All symptomatic women with uterine fibroid tumors, who wish to maintain their fertility using a myomectomy, should undergo careful pre-operative tumor biopsy – specifically including core needle biopsy of their target tumor(s), as well as, careful endometrial and cervical sampling to rule out atypical cells and cancer. If any abnormality is found, the woman should not be offered a uterine-sparing operation and should instead undergo an oncological resection to prevent the spread and upstaging of cancer.
Adoption of these four cogent practice guidelines will almost certainly lead to detection and appropriate treatment of a vast number of the “missed” cancers demonstrated by the Yale study.

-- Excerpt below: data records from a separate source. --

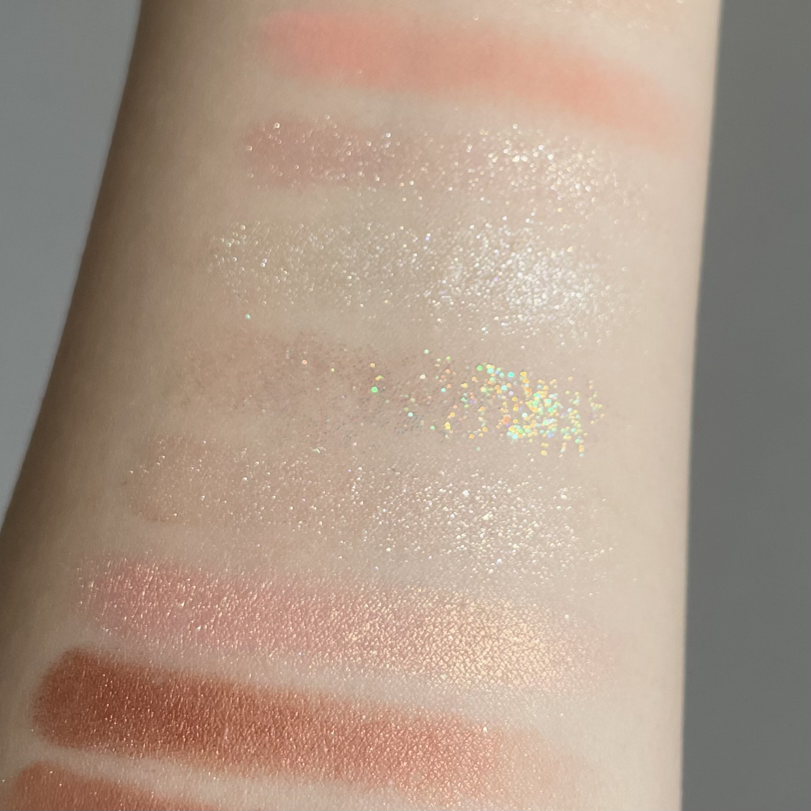 - グラムチェンジマルチパレットは高濃度ピグメントのベルベットテクスチャーが一度のタッチで鮮明なカラーを発色します。植物由来のシリカパウダーで、目元の余分な油分が抑えられ、クリーズ現象やダマにならずに柔らかく、ブレンディングしやすいのが特徴です。 マット、マットパール、グリッター、ベルベットシマーなど卓越した4種類のテクスチャーを12色で構成したグラムチェンジマルチパレットは、キャラメルブラウンデイリーパレットとリッチローズデイリーパレット2種類をご用意しております。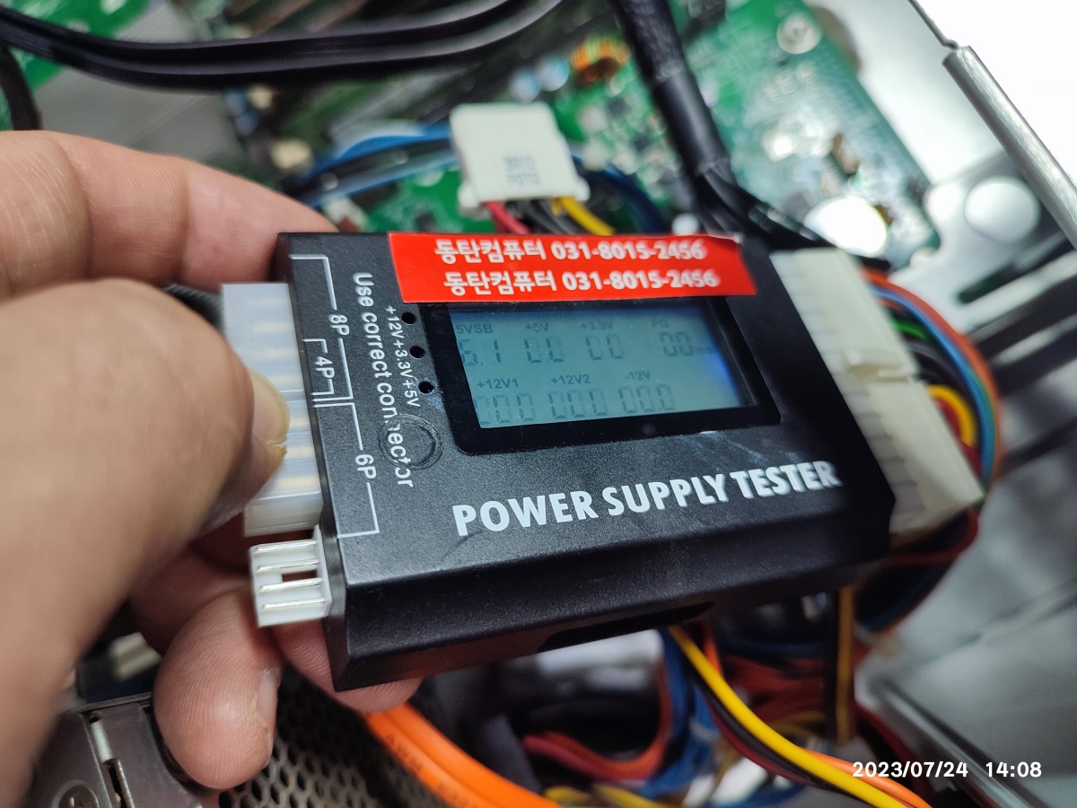 기존에 장착된 파워서플라이를 테스트기에 연결해봤습니다. 아래와 같이 LL(전압이 낮다고)이 많이 뜨네요. 액정도 희미해서 눕혀서 봐야 숫자가 읽어집니다.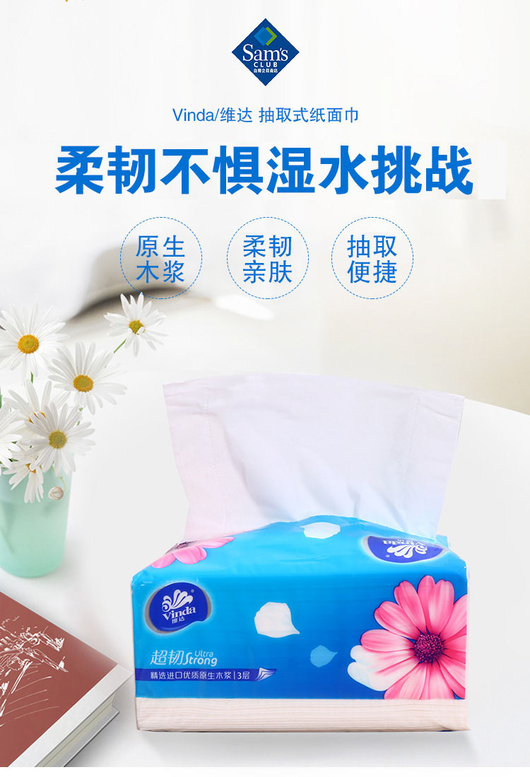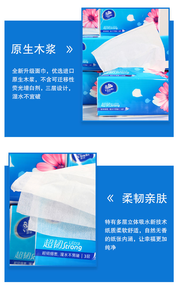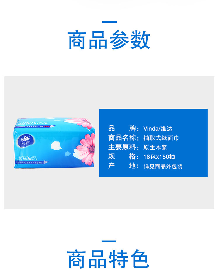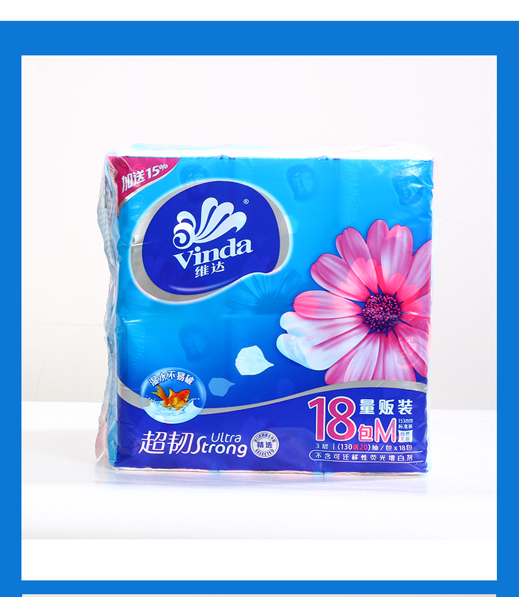 维达(Vinda)抽纸 超韧3层150抽*18包(中规格)擦手纸 抽取式纸面巾 软抽 卫生纸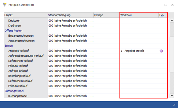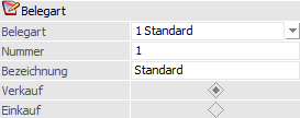Durch Anwahl der Einstellung "Verkauf" oder "Einkauf" wird festgelegt, ob es sich um eine Einkaufs- bzw. Verkaufsbelegart handelt.

Additionally, as reflected in the above criteria, only women who are candidates for a uterine sparing myomectomy, are the ones in whom a fibroid biopsy is absolutely required—in order to establish a “reasonable certainty of benignity” before subjecting the patient to what is a definitively non-oncological operation used to preserve fertility.
Needless to say, I am repeatedly surprised by the gynecological claim that uterine fibroid tumors cannot be biopsied with adequate sensitivity or technical feasibility. I know this claim to be a red herring used by those who wish to sustain the dangerous status quo in gynecology.
Most reasonable and seasoned pathologists, surgical oncologists and interventional radiologists would agree that biopsy of tumors with malignant potential, irrespective of any limitations due to sensitivity, sampling error, or technique is definitively feasible, and far safer than assuming benignity—as most general gynecologists have for decades in their management of symptomatic uterine fibroid tumors.
Finally, I offer you this letter and the four proposed guidelines, with hopes that cogent leaders in gynecology and at the CDC are able to recognize their merit and adopt them to steer the specialty to safety.
So that no other women fall to disaster as did Dr. Amy Josephine Reed of Yardley, PA.